Seeing Through Music

Songwriting at the Maryland School for the Blind

This is about six blind teens who bravely revealed their hearts in song, and by doing so gained the interest and contributions of award-winning musicians, writers, composers, engineers, and choruses across the nation.

It all started with CMN member Irene Light’s idea to create a program for the Maryland School for the Blind (MSB) Statewide Outreach program. Irene is the Director of East Coast Productions for Theatre Arts Festival for Youth (TAFFY), a nonprofit organization that sends professional artists into underserved communities of children and families. In that role, and in conjunction with the social workers at MSB, Irene arranged for a single Saturday afternoon songwriting session for teens. The purpose of the session was to help those teens self-advocate and inform the sighted world about being blind. Irene asked me to do the program and I said sure, not knowing what a profound effect the program would have on the two of us and an ever-widening circle of good-hearted people.

(Photo by Susan Vanderhoff)

At the original session, held in the open space “gymnatorium” at MSB, the teens said they want sighted people to have a better idea of what it’s like to be blind. So I asked, “What is it like?” And the answers poured out:

It sucks.
Being blind is horrible.
Depressing,
Being depressed is horrible.

Having people look at you everyday…
I don’t know why they make me feel this way.
You can feel their eyes on you.

It’s weird when you are standing there and someone’s looking at you and you want to turn around.

You feel like you stand out with a cane.

I gulped and asked, “So what do we need to do to get over that feeling?” Again, the teens were not hesitant with the answers:

Alex

Write an anti-depression song
Never give up 
Write a fight song—the greatest
Support each other
Find support

There’s a lot of things I can do,
In a different way…
Don’t treat me like a baby!
Just because I’m blind doesn’t mean I’m not capable of doing things other people can do. Some things even better.

Wow! Then something prompted Alex, mildly autistic and blind from birth, to talk about a great friend he had in eighth grade. His friend transitioned to a regular high school, while Alex came to MSB. He misses her terribly. They used to call every night, e-mail, and chat, but now he no longer hears from her. Alex became very agitated and sad, so much so that the social worker took him out to process his feelings on a one-to-one basis.

Meanwhile, Raiven, who is severely color-blind since age eleven, and will eventually lose more of her sight, was busy writing on her chair.
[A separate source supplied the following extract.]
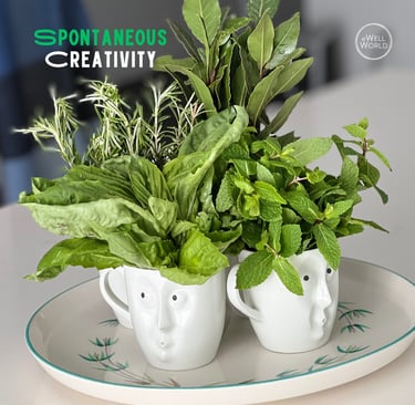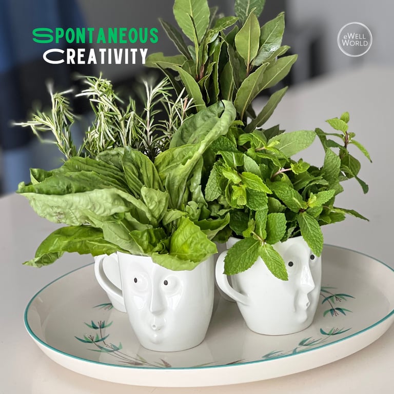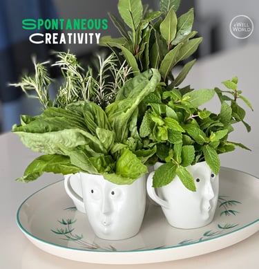 Spontaneity nudged my brain out of its “executive” mode — the one that plans, edits, and overthinks — into a more associative, playful one. That’s where the weird juxtapositions and surprising connections happened (hence, images of fresh herbs and coffee cups with fabulous expressions). That’s where new ideas started forming.

When she finished she presented us with her interpretation of what Alex had been saying:

Move On
I need another friend.

No matter how far away you are
I’ll care about you
No matter what you do

How about you
No, you never understand
The way I want to talk to you
I can’t take this anymore
How can I format these words
Never wanting to know all I do
I never need to give up
I try my best
But I don’t know if you understand
The way I care about you

Raiven

I did not know Raiven well at that point, but later her characteristic shyness with the spoken word and stream-of-consciousness facility with the written word surfaced plainly. (If you watch the video below of Raiven playing bass clarinet, you’ll note she would not let me video her face. I had to promise only to show the bell of the clarinet and her feet.)

Truthfully, the first session was not a great success from a songwriting point of view, but as to self-advocacy? It was surely a homerun. All six teens were anxious to tell the sighted world more about themselves. I left knowing I could not simply walk out of these students’ lives after a single day. They were too vibrant, too in need of a voice, too lovely and caring. 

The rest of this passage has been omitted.